Data excerpts:
________
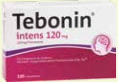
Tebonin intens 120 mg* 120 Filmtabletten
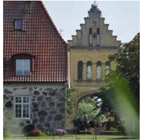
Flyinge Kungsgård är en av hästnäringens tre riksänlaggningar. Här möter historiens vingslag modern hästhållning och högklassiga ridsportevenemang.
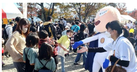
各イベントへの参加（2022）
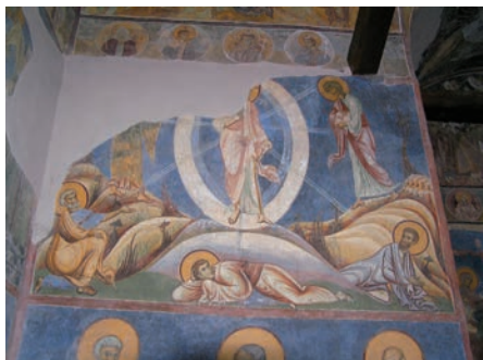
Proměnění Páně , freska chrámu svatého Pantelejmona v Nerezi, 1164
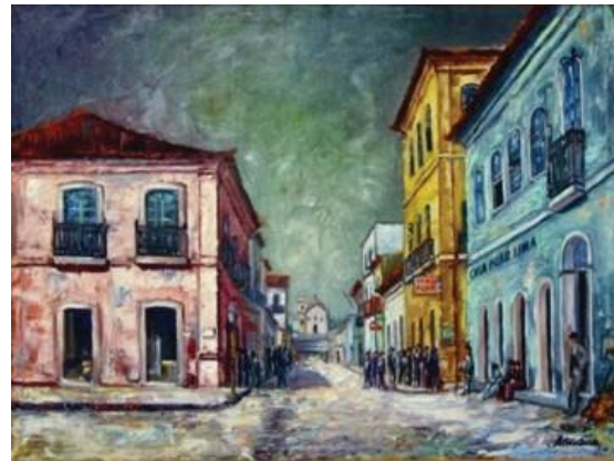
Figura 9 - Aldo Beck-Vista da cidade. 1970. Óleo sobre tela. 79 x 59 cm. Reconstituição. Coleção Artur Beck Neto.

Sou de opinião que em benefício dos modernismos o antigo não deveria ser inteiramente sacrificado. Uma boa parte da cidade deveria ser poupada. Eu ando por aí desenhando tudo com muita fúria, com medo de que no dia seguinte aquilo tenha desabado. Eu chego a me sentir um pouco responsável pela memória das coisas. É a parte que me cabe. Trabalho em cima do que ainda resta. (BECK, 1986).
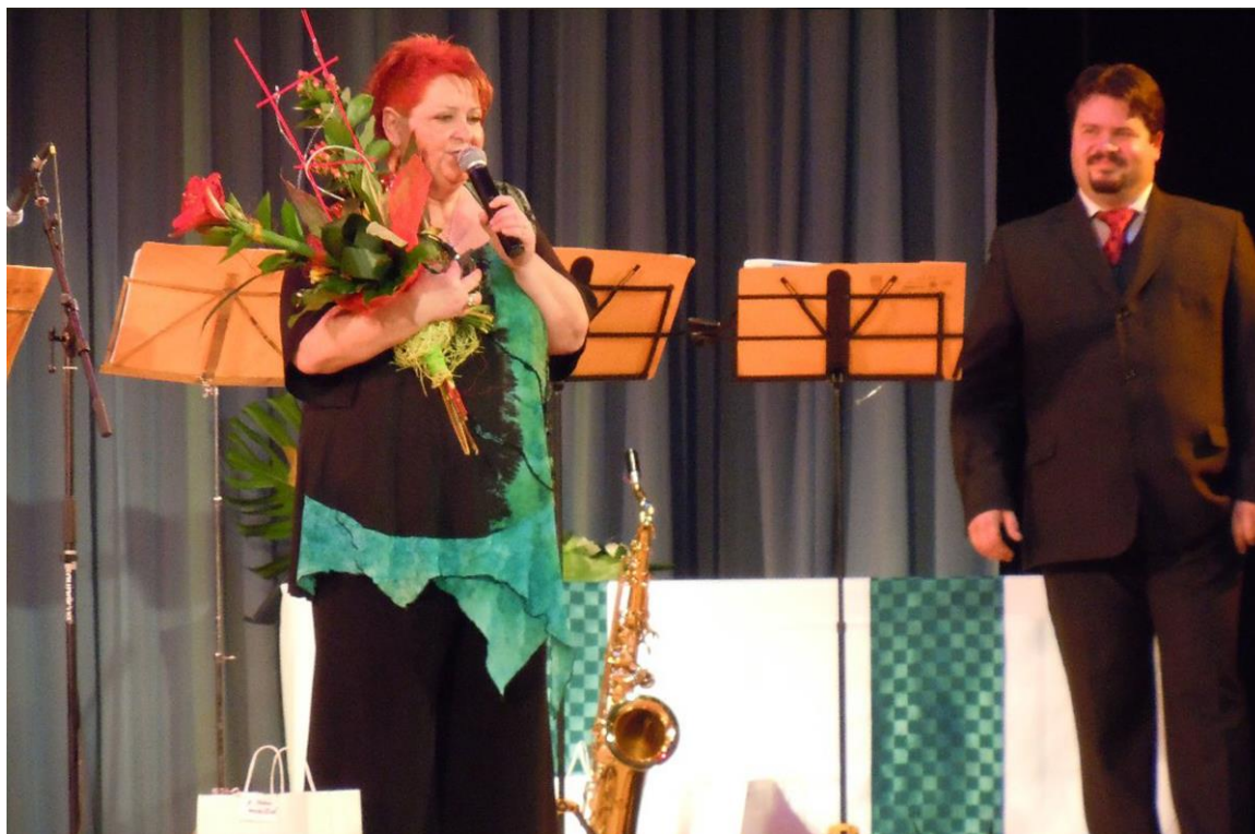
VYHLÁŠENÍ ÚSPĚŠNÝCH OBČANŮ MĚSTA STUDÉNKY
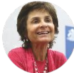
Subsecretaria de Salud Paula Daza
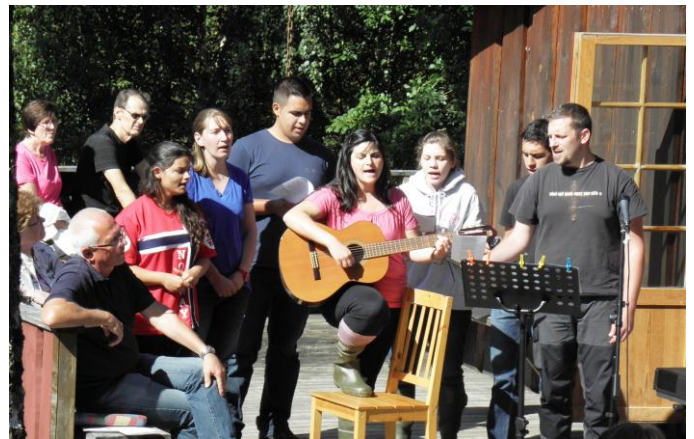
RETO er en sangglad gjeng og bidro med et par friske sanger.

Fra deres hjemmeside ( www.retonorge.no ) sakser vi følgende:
________
• _WHAT THE TASK REQUIRES_
The records must be copied with no word altered, and without their pictures.

• _WRITTEN ANSWER_
Tebonin intens 120 mg* 120 Filmtabletten
Flyinge Kungsgård är en av hästnäringens tre riksänlaggningar. Här möter historiens vingslag modern hästhållning och högklassiga ridsportevenemang.
各イベントへの参加（2022）
Proměnění Páně , freska chrámu svatého Pantelejmona v Nerezi, 1164
Figura 9 - Aldo Beck-Vista da cidade. 1970. Óleo sobre tela. 79 x 59 cm. Reconstituição. Coleção Artur Beck Neto.

Sou de opinião que em benefício dos modernismos o antigo não deveria ser inteiramente sacrificado. Uma boa parte da cidade deveria ser poupada. Eu ando por aí desenhando tudo com muita fúria, com medo de que no dia seguinte aquilo tenha desabado. Eu chego a me sentir um pouco responsável pela memória das coisas. É a parte que me cabe. Trabalho em cima do que ainda resta. (BECK, 1986).
VYHLÁŠENÍ ÚSPĚŠNÝCH OBČANŮ MĚSTA STUDÉNKY
Subsecretaria de Salud Paula Daza
RETO er en sangglad gjeng og bidro med et par friske sanger.

Fra deres hjemmeside ( www.retonorge.no ) sakser vi følgende:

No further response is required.